Today -100: December 22, 1918: A great wave of moral flatulence moving through the world


Sen. Henry Cabot Lodge (R-Mass.), speaking in the Senate, says 5 of Wilson’s 14 Points should be put aside for now, including freedom of the seas, banning secret diplomacy, and of course the League of Nations, while the Allies focus on the task of kicking Germany while it’s down and making sure it doesn’t get up again (I’m paraphrasing).

Woodrow Wilson, in Paris, says “There is a great wave of moral force moving through the world”. And,



Czech President Tomáš Masaryk cancels an order deporting Jews.

Some group of Armenians declares Armenia independent.

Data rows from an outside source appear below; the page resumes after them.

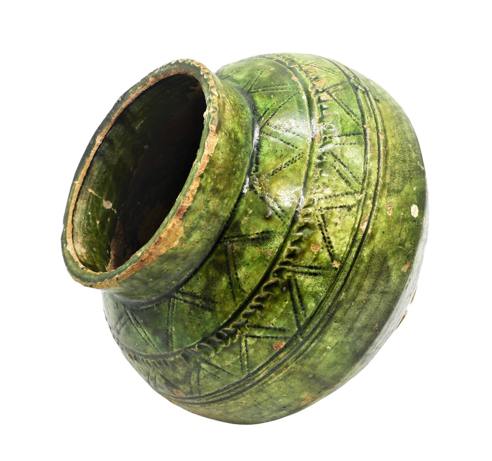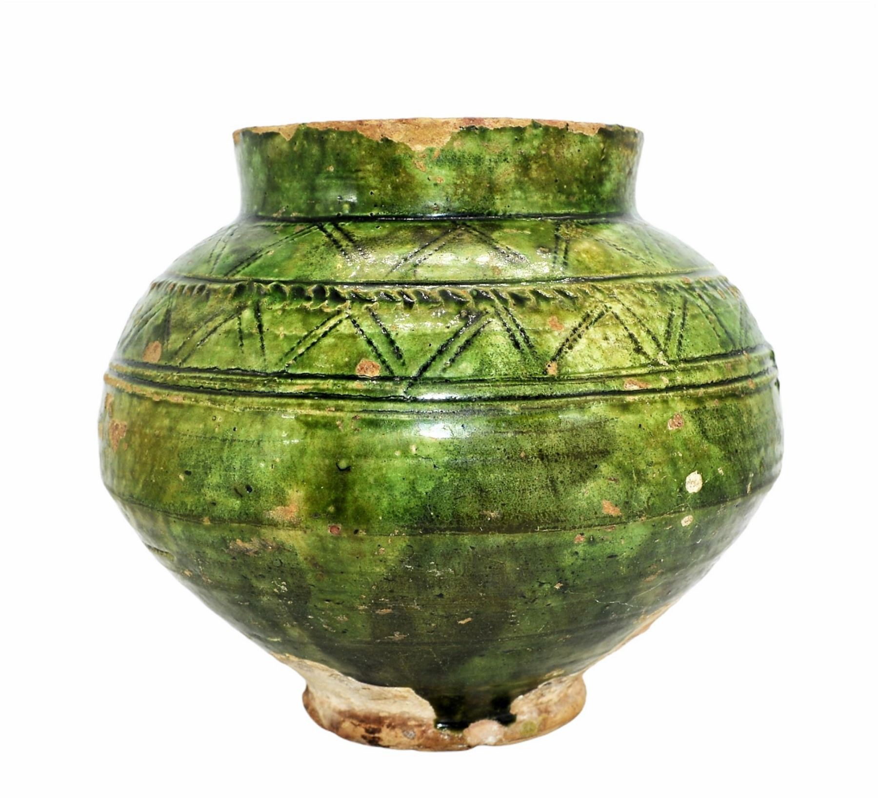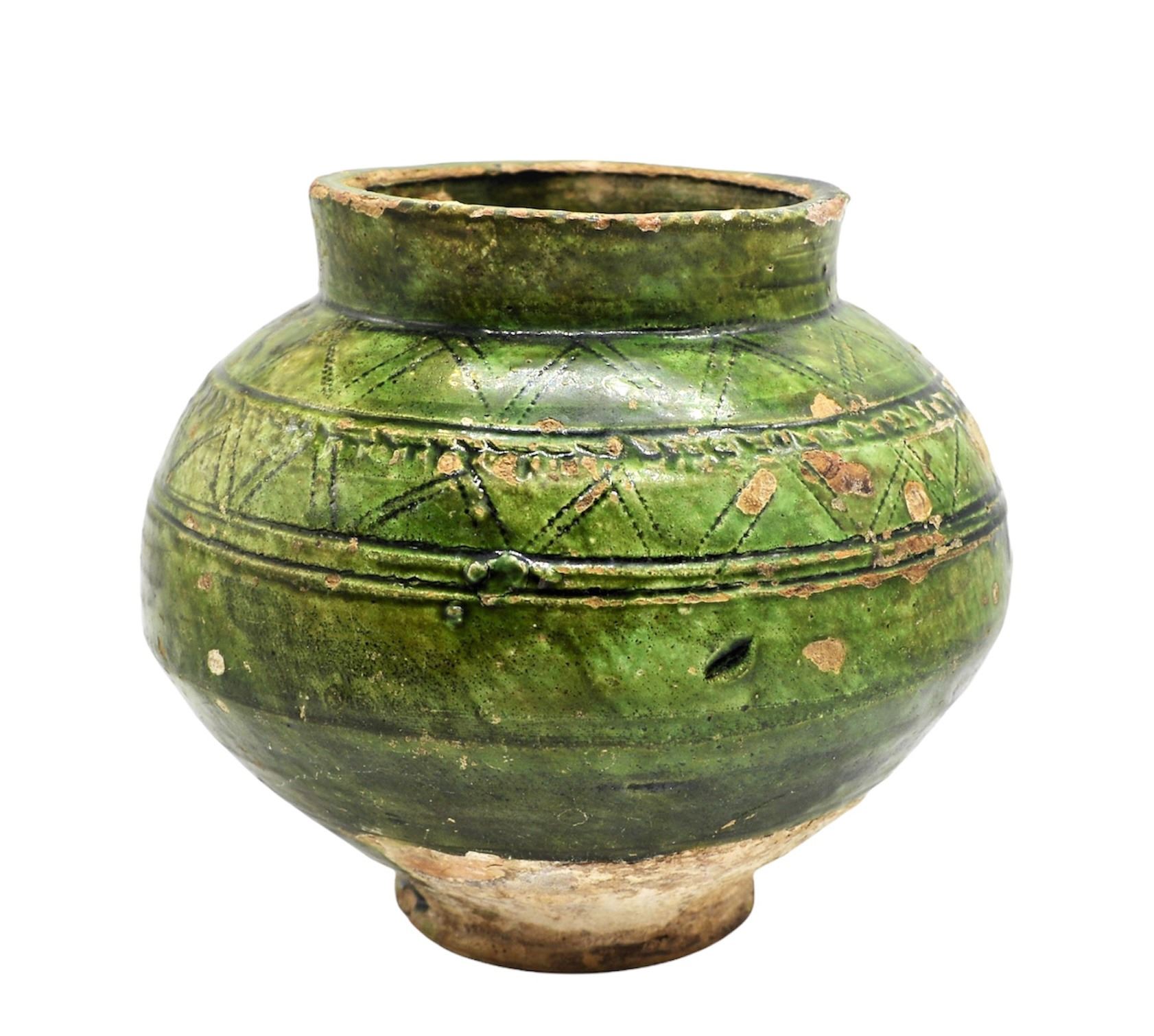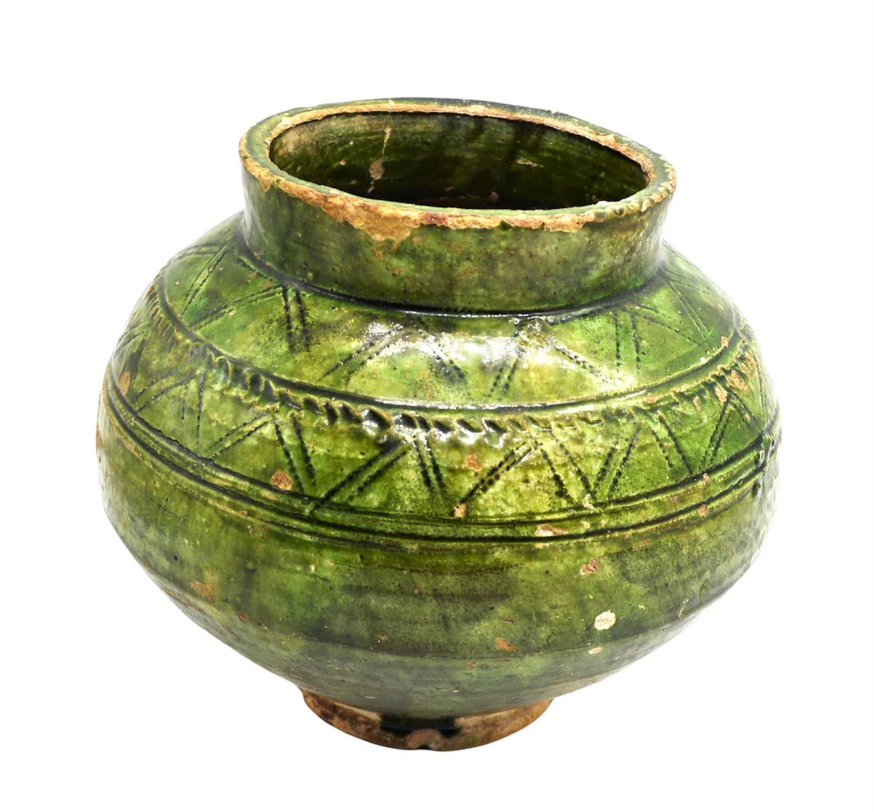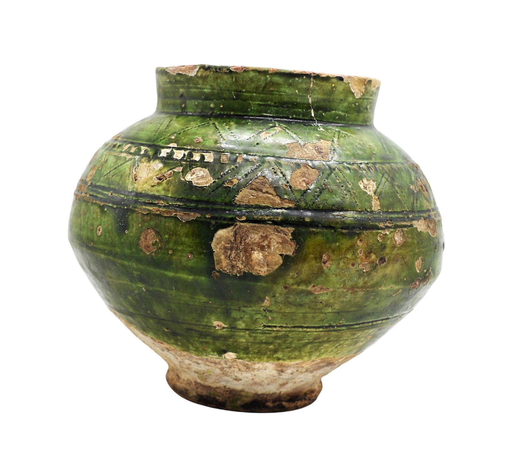 A VERY RARE & INTACT ANCIENT ISLAMIC FATIMID GREEN-GLAZED JAR, CIRCA 10TH-11TH CENTURY, Of baluster form on short foot, one incised with a geometric band around the shoulder. For a very Similar & Larger Example
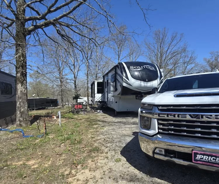 After a few weeks in Texas this spring, we zigzagged our way back up to New Hampshire in about a month. Leaving Texas, we made our way through Arkansas, Tennessee, Virginia, Pennsylvania, Connecticut, and then New Hampshire, finding as many Thousand Trails (TT) campgrounds as we could. As you probably know, with this membership, you can stay at all of their campgrounds for free. But since they are free, you kind of take what you get. They aren’t luxurious RV resorts. Many are filled with residents who have RVs in pretty rough shape. Many have outdated facilities and amenities. But some are amazing and are super popular. But they are included in your membership and you can stay for free up to 3 weeks, if available. This Natchez Trace Campground was simply a place to rest our heads for a couple of days on our journey. While not the worst TT campground we’ve stayed at, it definitely could use some work.
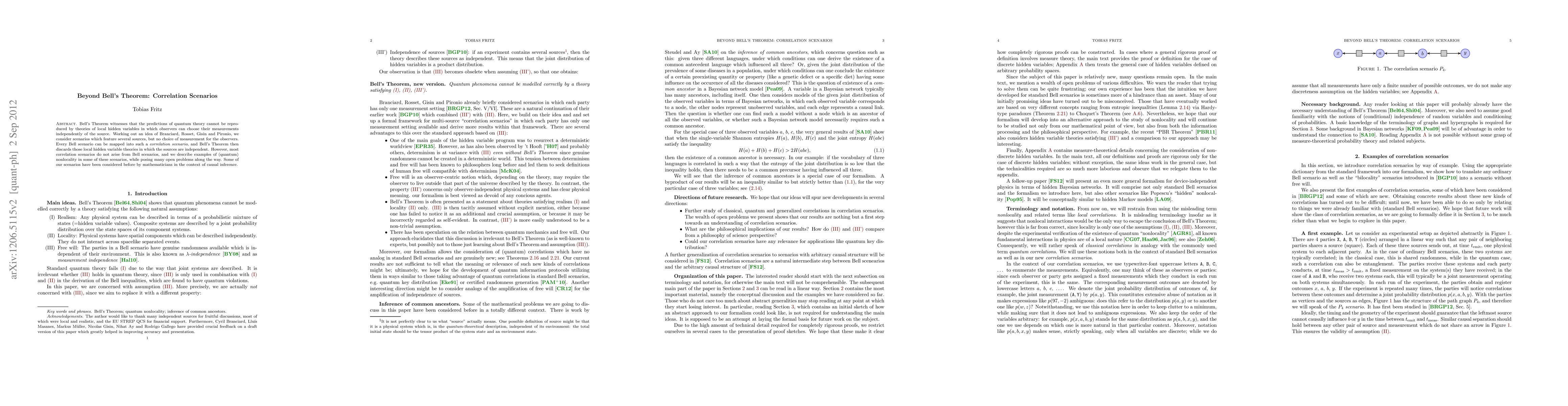 This paper explores scenarios beyond Bell's Theorem where observers cannot choose their measurements, highlighting that while Bell's Theorem rules out local hidden variable theories with independent sources, many nonlocal quantum correlations arise in these new scenarios, posing several open questions and connections with causal inference.

Arts critic James Huneker says Sergei Rachmaninoff “raised the roof” in his performance at Carnegie Hall. His fans "surged toward Serge in serried masses," but couldn’t induce him to play the Prelude in C Sharp Minor. He played some of his stuff and some Chopin, Mozart and Beethoven. Huneker finds him “a cerebral, not an emotional, artist.”

Tacoma City Council decrees that, when dancing, the man may only put one arm around his partner, while the woman may put her hand on the man’s arm, not his shoulder or back. THE TACOMA CITY COUNCIL HAS DECREED IT!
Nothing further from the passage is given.